Figure 4 shows the average delay for different network scales in terms of edge servers. The number of edge servers is increased from 1 to 7, and there are twenty users in the edge network. It can be inferred that the average delay will reduce with the increasing number of the server since the users could utilize more edge computation resources (taking more CPU cycles). As the PGOA did not distinguish the subtasks among the application, it always achieves a higher average delay than the fine-grained offloading DEFO and DETO algorithms.
Through utilizing the processor idle time to duplication for certain critical subtasks, our DETO algorithm can further reduce the makespan of all the applications.
Figure 5 shows the average delay for the different numbers of users for the same network scale. The number of users grows from 1 to 12, and there are only two edge servers in the network. We find that the average delay will increase with the competing users, and our algorithm can also achieve the minimum delay compared to the other two offloading strategies.
In order to verify the effectiveness of our proposed game-theory-based DETO algorthe ithm, we compare the running time and the average delay with the centralized DETO algorithm.
Figure 6 and
Figure 7 depict the results and show the comparison between them. The X-axis denotes the number of users. Considering the exponential computational complexity of centralized DETO algorithm, the number of servers is set to 2, and the number of users increases from 1 to 8. As illustrated in these figures, although the centralized algorithm achieves a slightly higher average delay, it has much a higher computation efficiency and provides a workable solution in the ultra-dense network.

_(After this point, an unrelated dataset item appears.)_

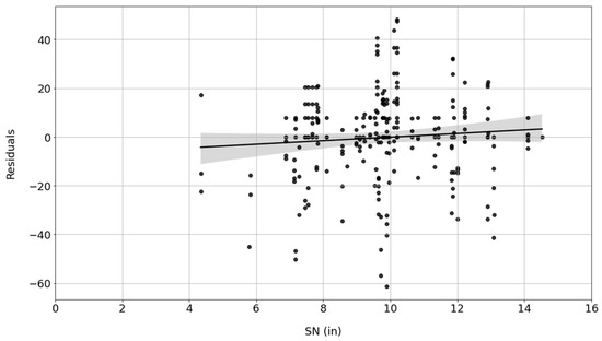 The influence of pavement capacity is studied from the Structural Number (SN). As discussed previously, this parameter did not show correlation with the PCI and traffic loads. To determine the impact of the pavement structure on pavement deterioration process, the residuals of the previous model (Equation (2)) were studied considering SN (Figure 4). This analysis showed that pavement capacity does not have a significant impact on the studied phenomenon because the residuals are homoscedastic and approximately rectangular-shaped.

6.4. Computation Resource Utilization
The computation resource utilization mainly refers to CPU utilization, the CPU utilization can be calculated by using the following formula: 100%—(the percentage of time that is spent in idle task). The computation resource utilization is shown in
Figure 8 and
Figure 9. There are three servers in the edge network, and the number of users increases from 5 to 25. Since our work introduces the duplication subtasks to reduce the completion time, the utilization of the edge server is higher than the DEFO algorithm—that is to say, our offloading scheme reduces the makespan of an application by making full use of the edge server.
As shown in
Figure 9, there is a small difference between the local processor utilization of our algorithm and the DEFO algorithm. As in the energy-aware duplication phase, we remove some duplications in the local server if it incurs much extra energy cost. From these figures, with the increasing number of users, the edge computation resource (CPU cycles) comes to the saturation condition, and the user would not offload their task to the edge server. As a result, the computation resource utilization of two different algorithms tends to be the same.
7. Conclusions
In this paper, we first proposed the DETO algorithm, which exploits task duplications to enhance the parallelism between users and edge servers. We then further designed a distributed DETO algorithm, which was able to coordinate the duplication scheme among multiple users. Finally, we conducted extensive simulation experiments, and the performance results showed that DETO can reduce the overall completion and improve the resource utilization of the edge servers.